## Task requirements
In the answer, give the entries below exactly, from the first line through the line with "- Preview: Click", with every picture omitted.

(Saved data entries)
------------------------------------

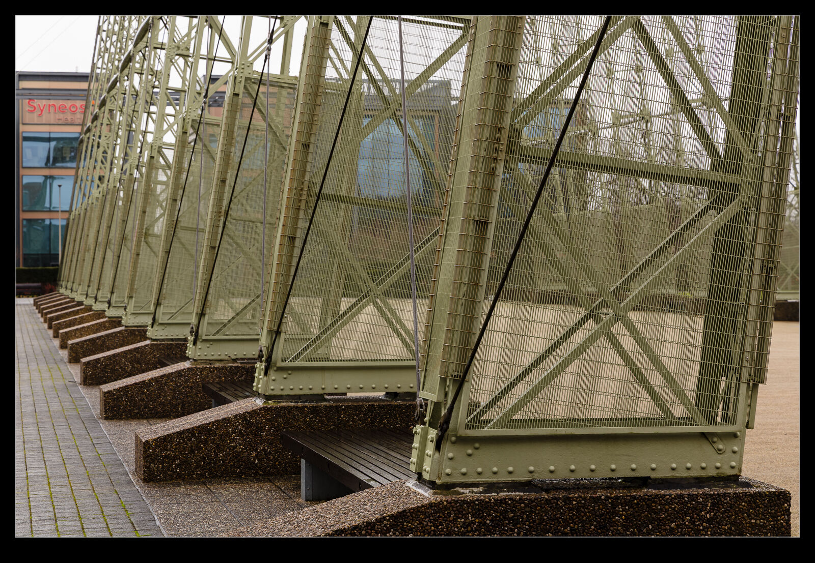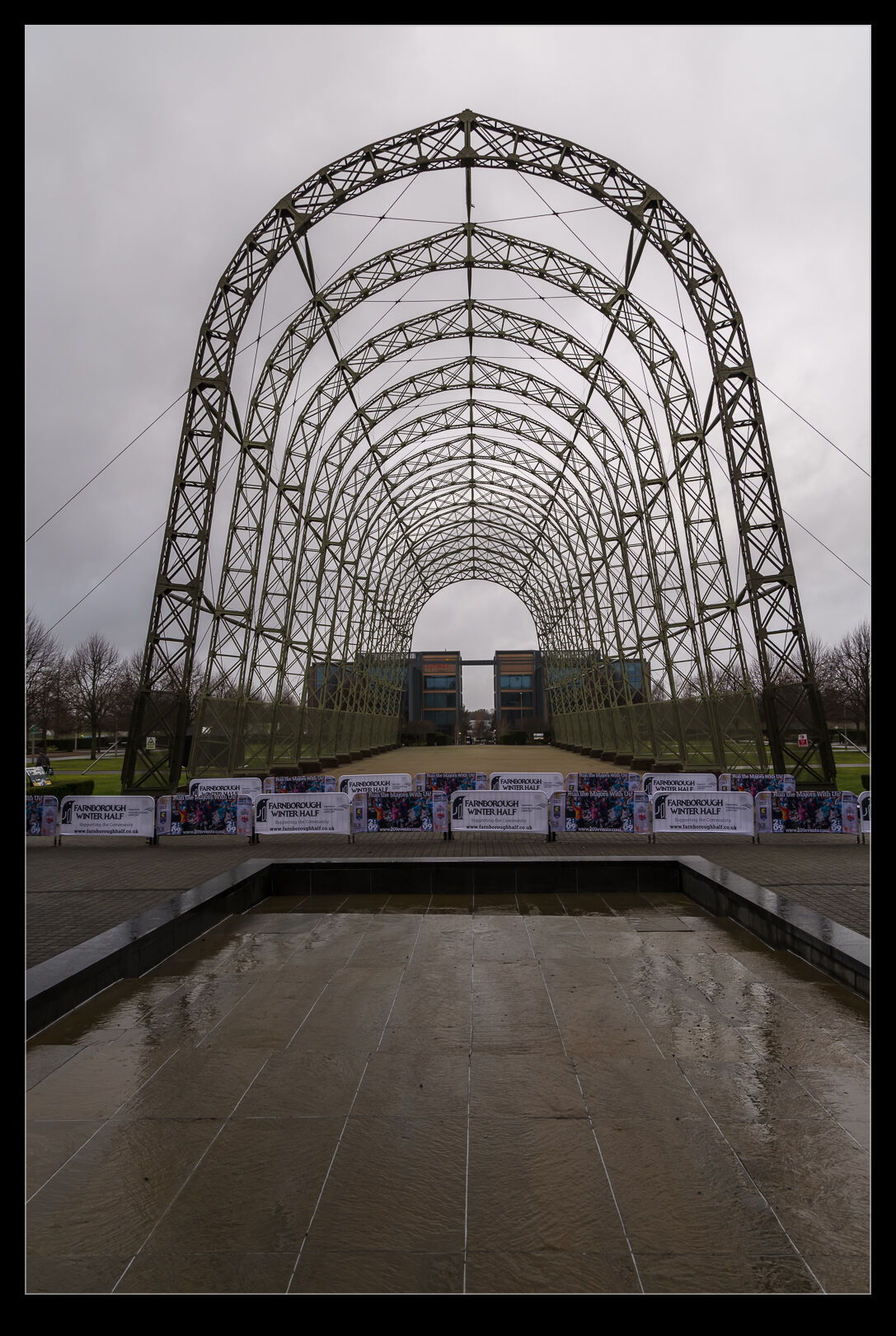 Aside from the buildings at Farnborough, there is also the frame from a balloon hangar. This was a fabric covered structure with the fabric having been lost in a storm many years ago. I read that the frame was previously in another location but was moved to this space as part of the redevelopment of the site. Some elements needed repair or replacement but much of it is original. It was repainted and assembled with some minor additions to prevent people climbing the structure. On a gloomy day, I decided a combination pano and HDR was needed to record it. Not anything like the grand scale of the hangars at Moffett Field I used to see but still cool.
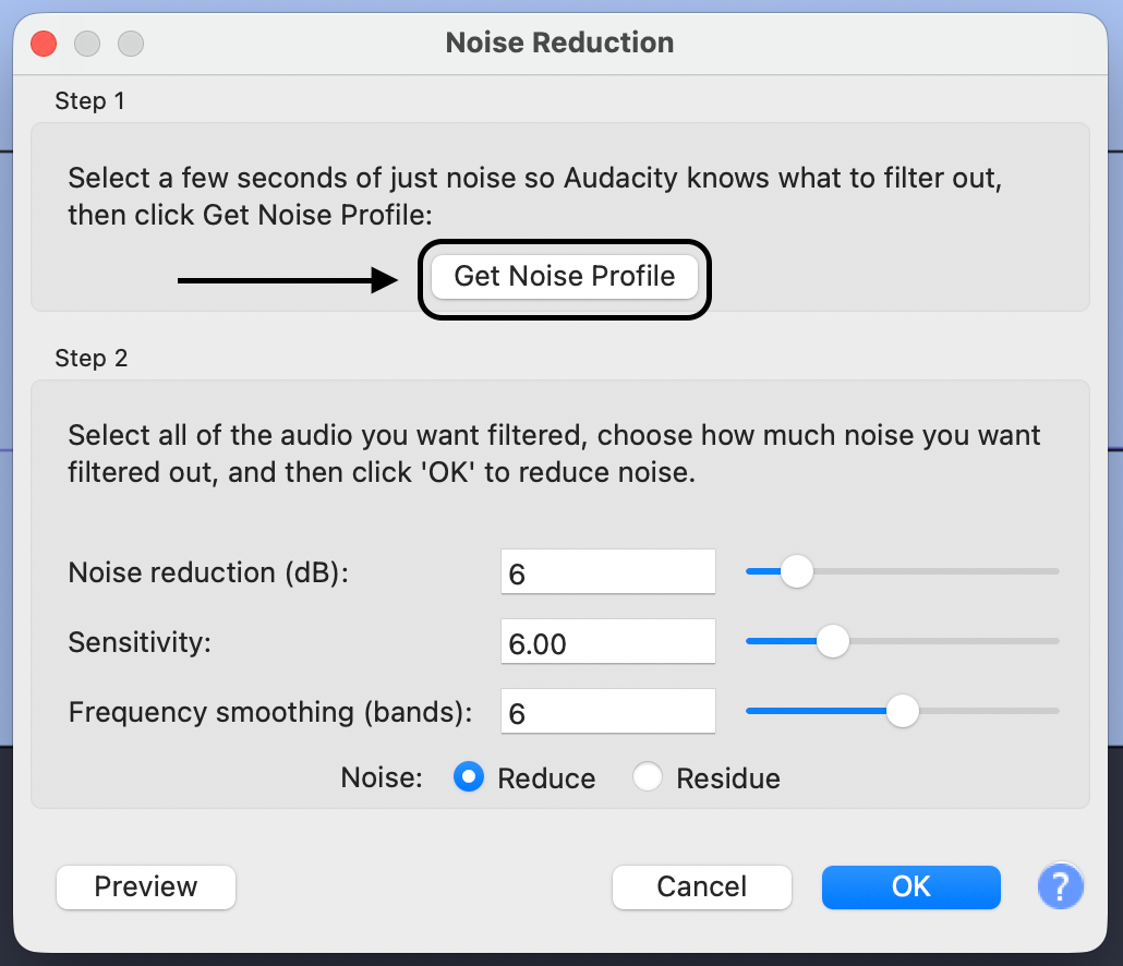 - Preview: Click Preview. If the voice sounds “muddy” (unclear) or muffled, lower the line slightly around 200Hz.
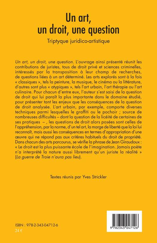 Cet ouvrage présente des contributions de juristes, tous de droit privé et sciences criminelles, intéressés par la transposition à leur champ de recherches, de questions liées à un art déterminé. Les arts explorés sont à la fois "classiques", tels la peinture, la musique, le cinéma ou la littérature, d'autres sont plus "atypiques", tels l'art urbain, l'art thérapie ou culinaire. Pour chacun d'entre eux, l'auteur s'est saisi de la question de droit qui lui paraît la plus importante dans le domaine étudié.
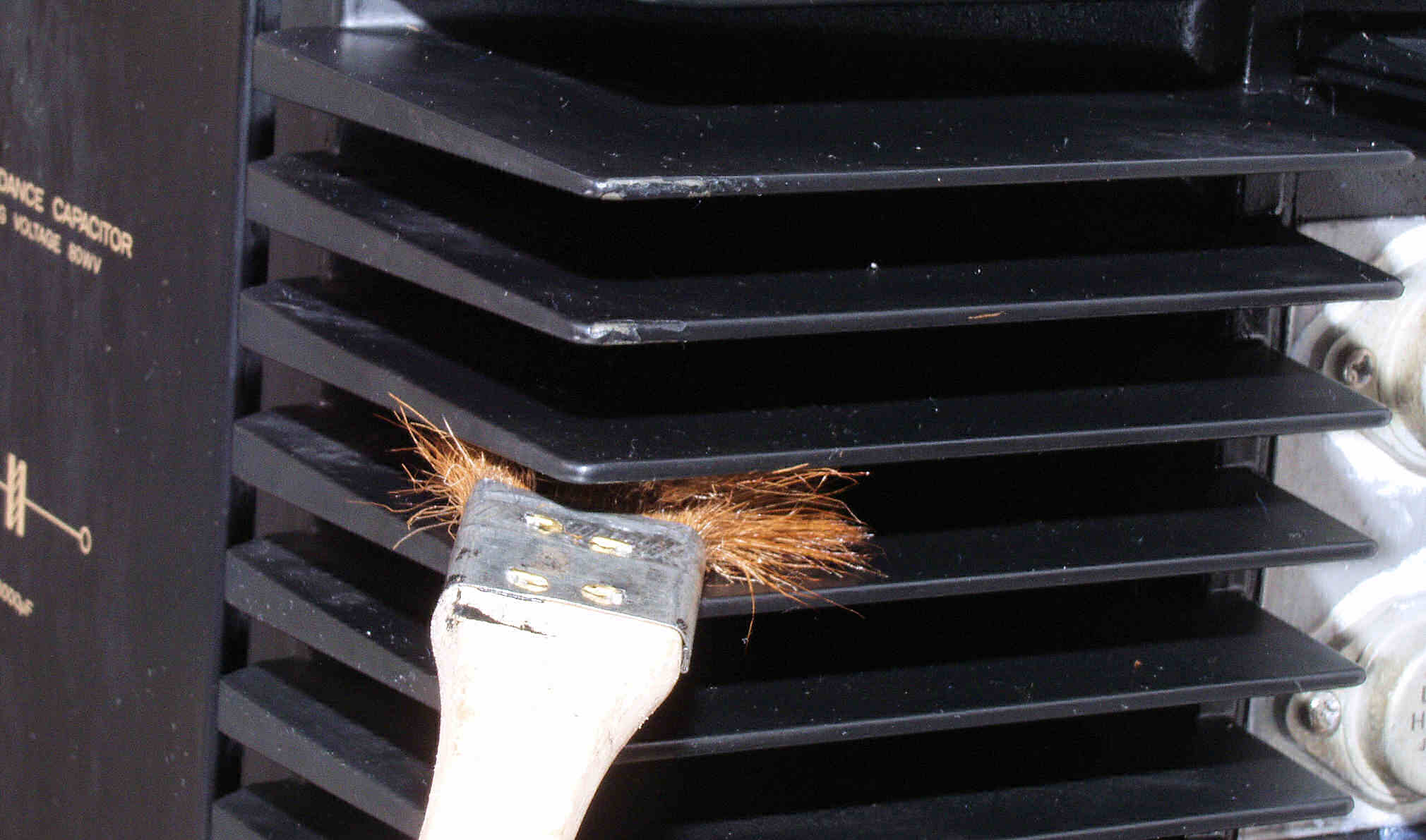 | C6B1. 修理中 R側放熱器の埃取り、刷毛で取る。 |
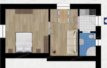 A szobák padlóburkolata laminált padló, a teakonyhában és a fürdőben hidegburkolat található.
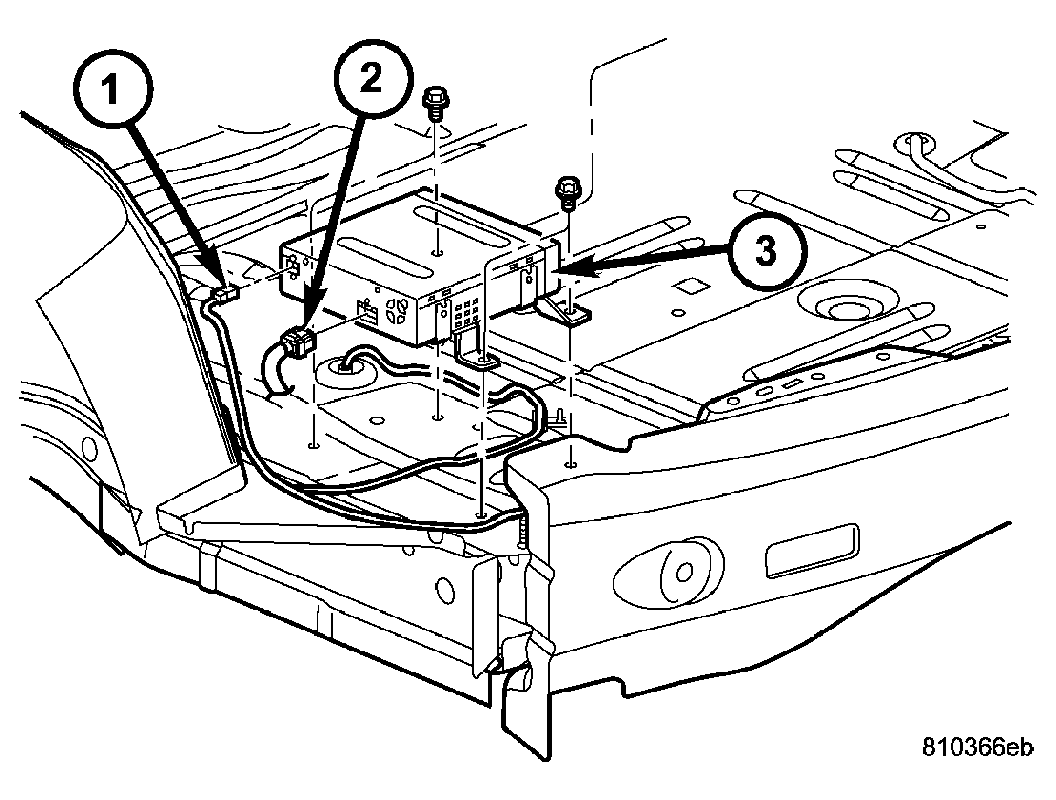 1 - ANTENNA CABLE - NAVIGATION 2 - ELECTRICAL HARNESS CONNECTOR 3 - NAVIGATION UNIT - Disconnect electrical harness connector and antenna cable from navigation unit.

------------------------------------

## Solution for this exercise
 Aside from the buildings at Farnborough, there is also the frame from a balloon hangar. This was a fabric covered structure with the fabric having been lost in a storm many years ago. I read that the frame was previously in another location but was moved to this space as part of the redevelopment of the site. Some elements needed repair or replacement but much of it is original. It was repainted and assembled with some minor additions to prevent people climbing the structure. On a gloomy day, I decided a combination pano and HDR was needed to record it. Not anything like the grand scale of the hangars at Moffett Field I used to see but still cool.
 - Preview: Click Preview. If the voice sounds “muddy” (unclear) or muffled, lower the line slightly around 200Hz.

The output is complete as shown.